Half Broke Horses is Laura Ingalls Wilder for adults, as riveting and dramatic as Isak Dinesen's Out of Africa or Beryl Markham's West with the Night. Destined to become a classic, it will transfix audiences everywhere.
©2009 Jeanette Walls; (P)2009 Simon & Schuster
"Lily Casey Smith is one astonishing woman...a half-broke horse herself who's clearly passed on her best traits to her granddaughter. Told in a natural, offhand voice that is utterly enthralling, this is essential reading for anyone who loves good fiction." (Library Journal)
I found this book to be ok, but in was disappointed because I loved the glass castle and this was rather slow and a bit dull.
This book was nicely written and kept my interest. The story of Ms. Walls' grandmother captured how difficult living conditions were making a living on a ranch out west in the earlier part of the century. I would recommend the book. The only criticism I have is that I think a more professional narrator would have done a better job. Rather than really getting immersed in the story, I felt as if someone was reading to me. But it was not terrible. I just think one of the other audible narrators would have done a better job.
I thought this was a great audiobook! I found Jeannette Walls' narration very strong. Her depiction in first person of her grandmother was fascinating. It's a great profile of a tough, incredibly innovative, goal-oriented woman who serves as an amazing role model, even for women today. By the way, I earlier read (not listened) to The Glass Castle. I found Half Broke Horses a terrific follow up.
Jeannette Walls has captured the voice of her grandmother through this excellent novelization of her family history. An inspiring story for men and women alike. Less horrific than her first book (Glass Castle) but equally as engaging. In fact, if you have not read The Glass Castle-- read this first.
This book gave some background that was very helpful in understanding Ms.

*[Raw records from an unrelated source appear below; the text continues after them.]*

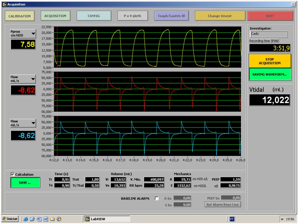 Throughout the ventilation sessions (V1–V5), the manikin was connected to a computerized data acquisition system that recorded the ventilatory pressure via a pressure sensor (Validyne, model DP45-24) and the inspiratory and expiratory flow via a pneumotachograph (Hans Rudolph Inc., Kansas City, USA). After each dataset collection session, devices were calibrated using an external syringe to ensure the integrity of the manikin's lungs and to verify the proper function of the pressure and flow sensors. These sensors were connected to a continuous data acquisition system (LabVIEW 5.1, National Instruments), which was specifically developed for this study by R. A. Eletro Sistemas LTDA (Campinas, Brazil).
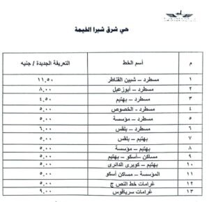 وجاءت التعريفة الجديدة لأسعار المواصلات بمحافظة القليوبية كالتالي:
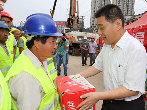 彭浩表示,今天受萬(wàn)勇市長(zhǎng)委托,看望城投公司生產(chǎn)建設(shè)一線的同志們,感謝你們?cè)诟邷乜崾罾飯?jiān)守在生產(chǎn)建設(shè)一線,為了市民安全用水用氣、為了城市建設(shè)所作的積極奉獻(xiàn)!他勉勵(lì)大家繼續(xù)發(fā)揚(yáng)這種不怕高溫酷暑、克難奮戰(zhàn)的精神,再接再厲,為城市的發(fā)展再作貢獻(xiàn)。

Walls unconventional upbringing. (The Glass Castle) Ms. Walls mother had been very influenced by the hard scrabble life of the American west and her family's need to survive. It was not comfortable nor safe. In giving us the story of her grandparents, her own mother's life and choices became more understandable. Jeanette Walls certainly channeled her grandmother's grit to become a respected author. Good for her.
I looked forward to listening to this book but was sadly, disappointed. I found very little to like in the main character and for this reason had a difficult time finishing the story. With Jeannette Walls' next book, I'll save the credit and take it out of the library.
This is a period story that takes place at the turn of the century. I enjoy history so some of the descriptions of life during this time were appealing. Overall though the narrative is very average and a little over done. I kept waiting for something to happen but this is a pretty simple story about life. If your wanting to be enthralled don't buy this book.
This is the story of the plucky but wise country girl who always lands on top and outsmarts every adversary, every time.
Every. Single. Time.
There is absolutely no drama. None. To make this even more boring, the author is a dreadful narrator whose voice rises with every sentence and falls at every hard stop. When she called her "no good worthless first husband" a "crumb-bum" for something like the one-dozenth time, I turned it off.
I couldn't finish it.
The story was quite interesting a with all it's twists and turns and moved along well. I always enjoy a tale about the a struggling family back in time before the modern world evolved.
No, I don't think so. She got better as the story progressed (or I got used to her...not sure which). She sounded like she had taken each line of the book and had them written down in list form, and then she proceeded to read the list. I really think writers to a disservice to their work by narrating it themselves. Do what you do best.